A Parse transformation creates the output fields that the parse asset specifies. The type and number of output fields depends on the parsing operations that the user configures in the parse asset. View the output fields on the
Output Fields
tab of the
Properties
panel.
The Parse transformation can create some or all of the following types of output field:
Parsed data fields
Contain data values that meet the parsing criteria that the asset defines.
Overflow fields
Contain data values that meet the parsing criteria but for which a corresponding output field is not available. The Parse transformation writes a value to an overflow field when all appropriate output fields for the value are already populated.
Unparsed field
A field that contains any value that does not meet the parsing criteria that the asset defines.
Rule and guidelines for Parse transformation output fields
Consider the following rules and guidelines when you review the output fields on the transformation:
The type and number of output fields depends on the parsing operations that the user configures in the parse asset.
When the asset specifies a regular expression or a dictionary, the transformation creates one or more output fields for the data that each regular expression or dictionary parses successfully.
The user who configures the asset determines the number of output fields for each regular expression or dictionary operation. Each regular expression or dictionary operation is called a
step
in the asset configuration.
When the asset specifies pattern-based parsing, the transformation creates a range of output fields that represent the types of information that the pattern logic might find.
A pattern-based parsing operation can generate output fields for the following types of information:
Person names, such as first names, family names, name prefixes, and name suffixes.
Derived information, such as gender, formal greetings, and informal greetings.
Label values that represent the pattern that the parsing operation identified in the input data row. The
Data Quality
user can use the labels to enhance the pattern logic in the asset.
The asset logic determines the number of output fields for parsed data.
When the asset specifies a regular expression or a dictionary, the transformation may create a single overflow field for all overflow data. Or, the transformation may create an overflow field for each regular expression or dictionary that the asset defines. The user can update the asset properties to determine the policy for overflow fields.

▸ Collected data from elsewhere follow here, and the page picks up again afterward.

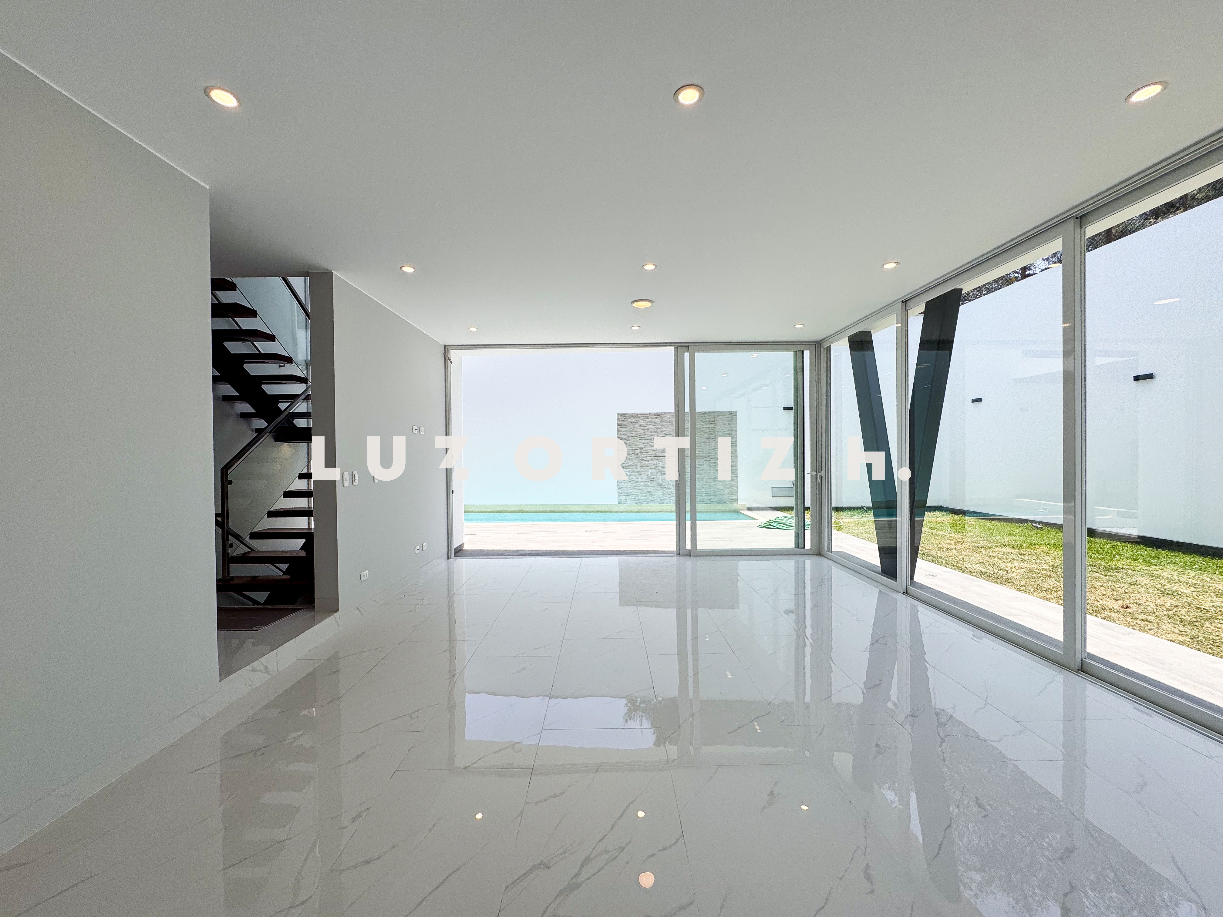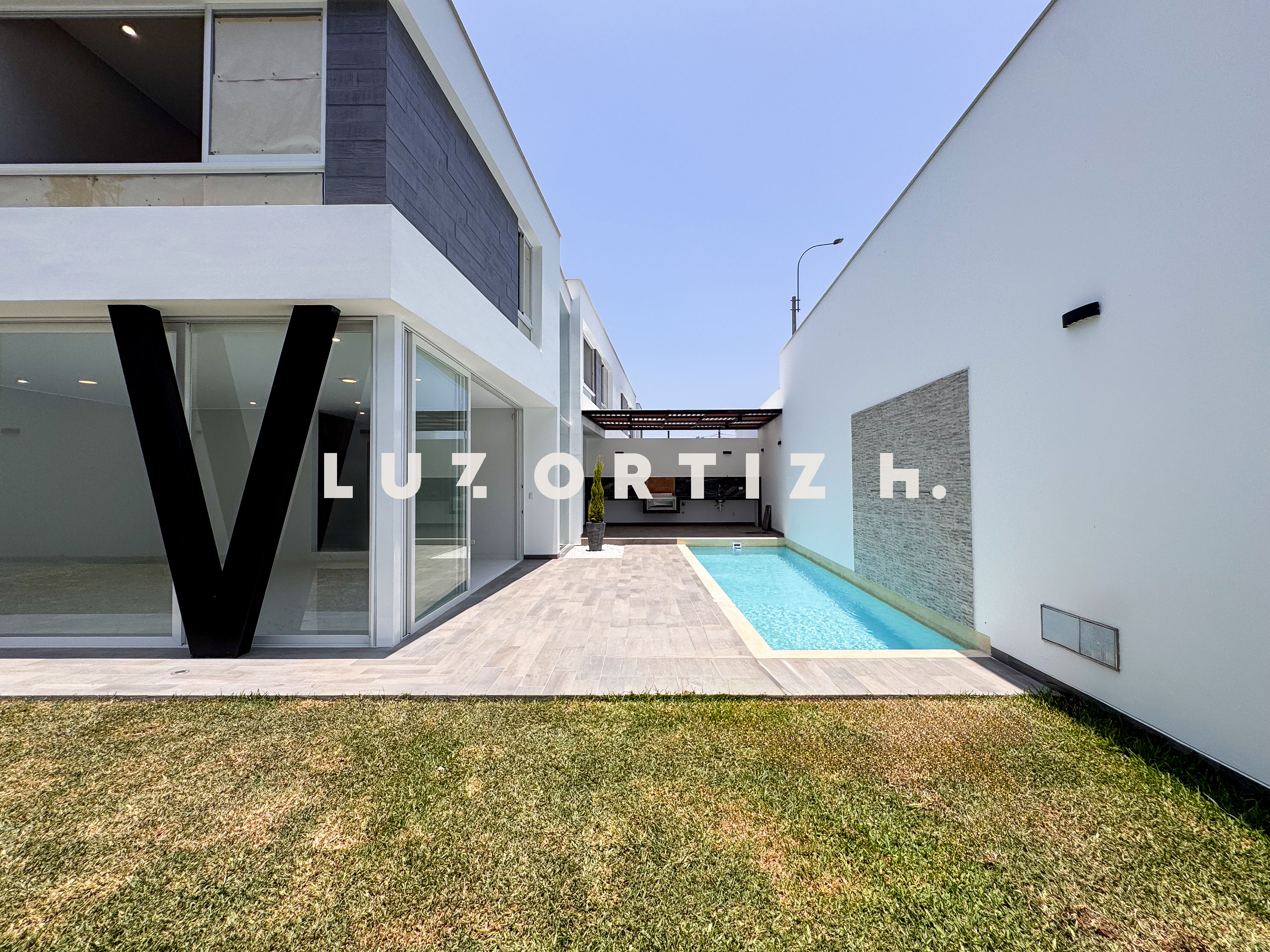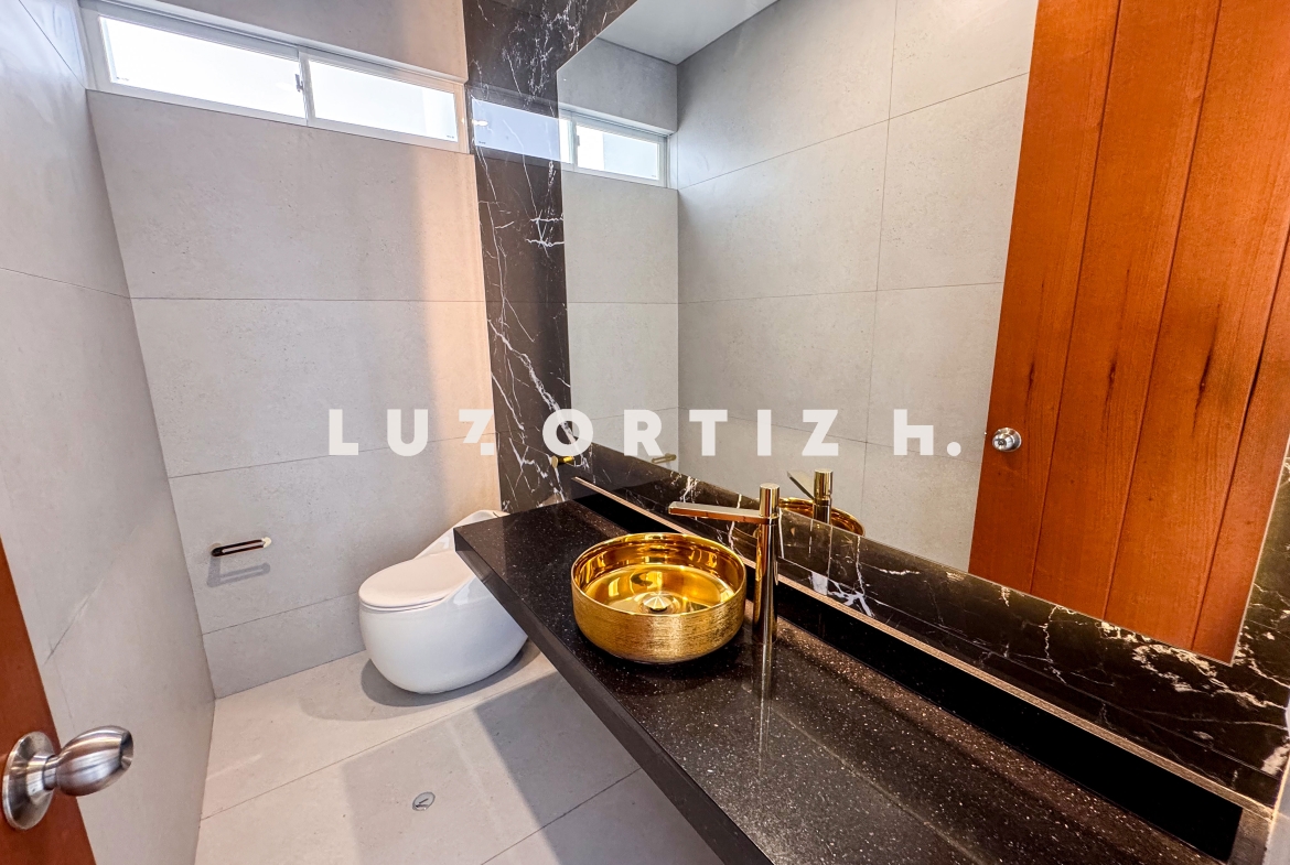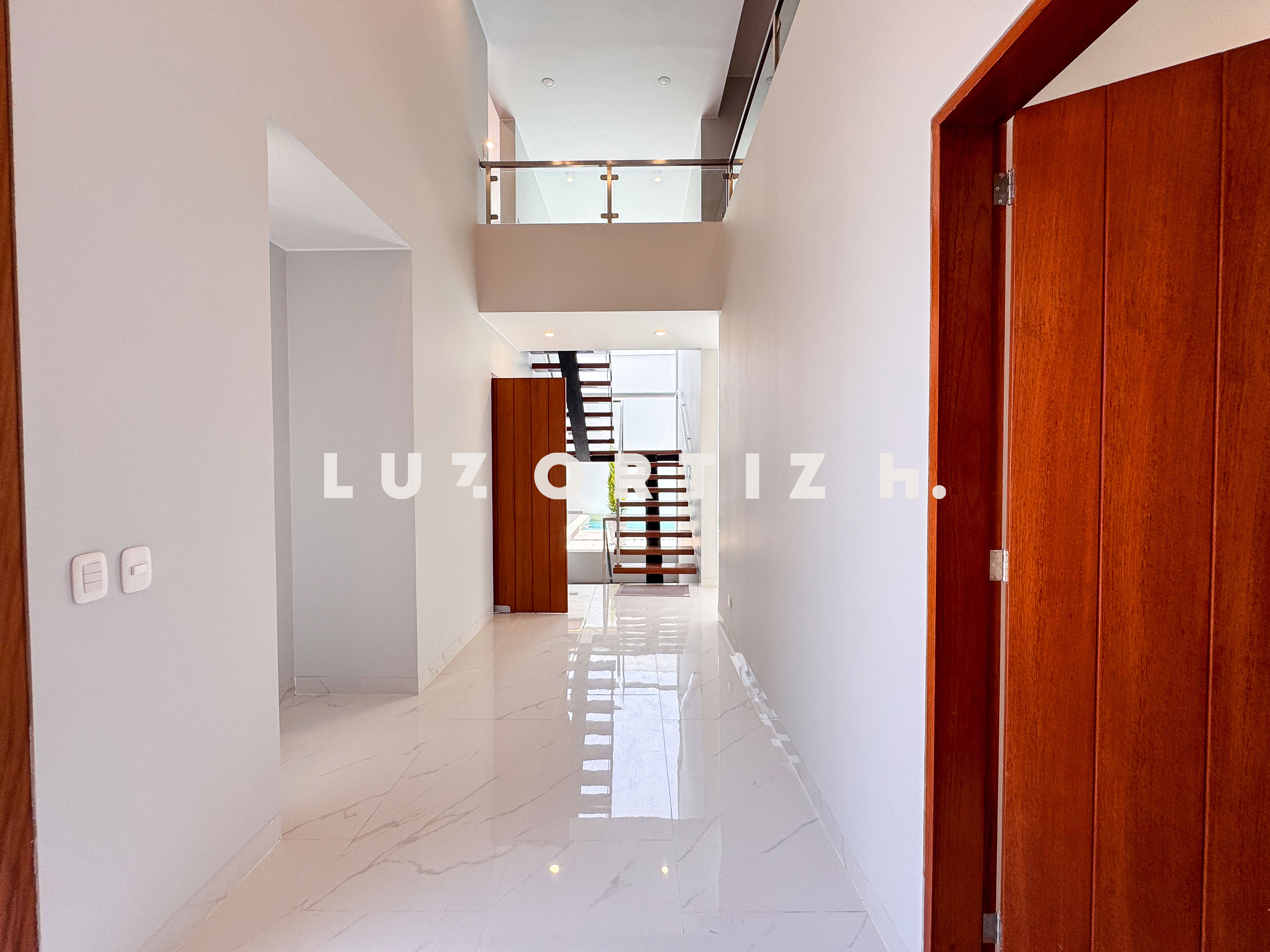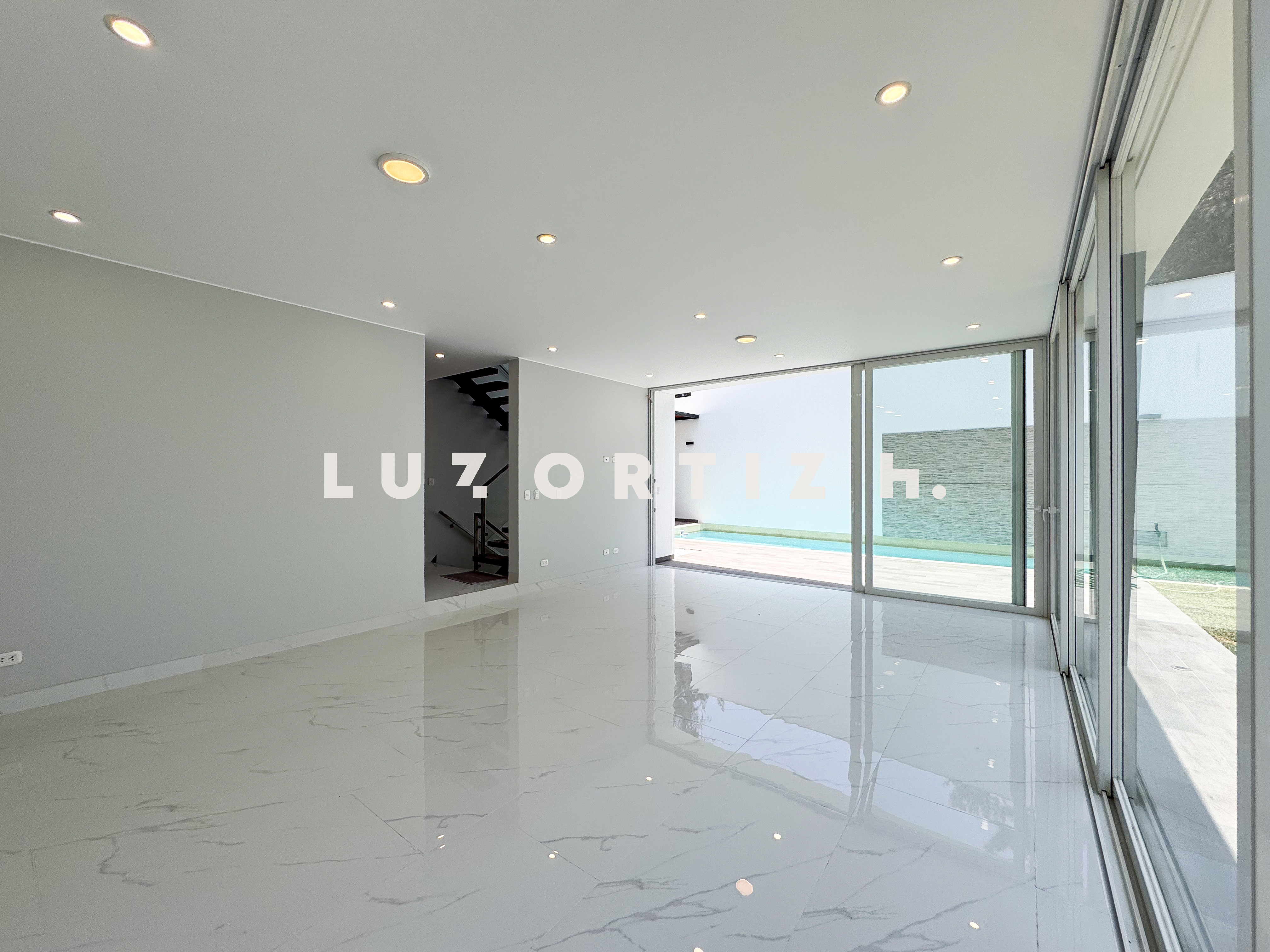 En el primer nivel, un elegante hall de ingreso da la bienvenida a una amplia sala y comedor con excelente iluminación natural y vista directa a la terraza. La terraza cuenta con una zona de parrilla ideal para reuniones sociales y familiares, además de una piscina privada perfecta para disfrutar del sol durante todo el año. La cocina es cerrada, moderna y funcional, equipada con muebles altos y bajos en melamina de alta calidad y tablero de granito. También dispone de un baño de visitas y un estudio u oficina, ideal para el trabajo remoto o como sala de lectura.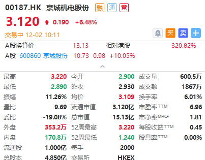 华盛资讯12月2日消息,港股氢能源概念股再度走高,京城机电股份涨超6%,潍柴动力涨超5%,中集安瑞科涨3%。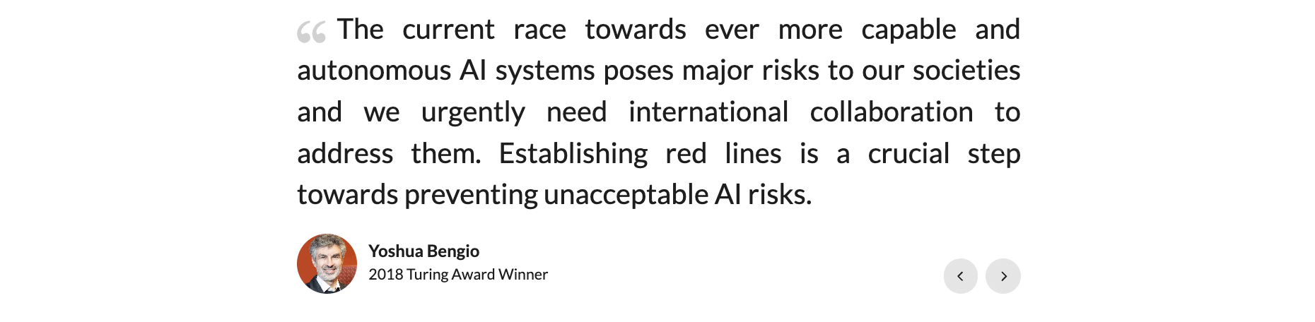 We aim to convert the momentum from the Global Call for AI Red Lines into binding international agreements that establish clear limits on dangerous AI capabilities.

When the asset specifies a pattern parsing operation, the transformation may or may not create a single overflow field. The presence or absence of the overflow field depends on the locale that the asset specifies for the input data. For example, the Parse transformation creates an overflow field for pattern parsing operations when the asset specifies the locale as Portugal or Brazil. The
Data Quality
user sets the locale.
The transformation creates a single field for all unparsed data when the asset specifies a regular expression or a dictionary.
The transformation may or may not create an unparsed data field when the asset specifies a pattern parsing operation. The presence or absence of the unparsed data field in pattern-based parsing depends on the locale that the asset specifies for the input data.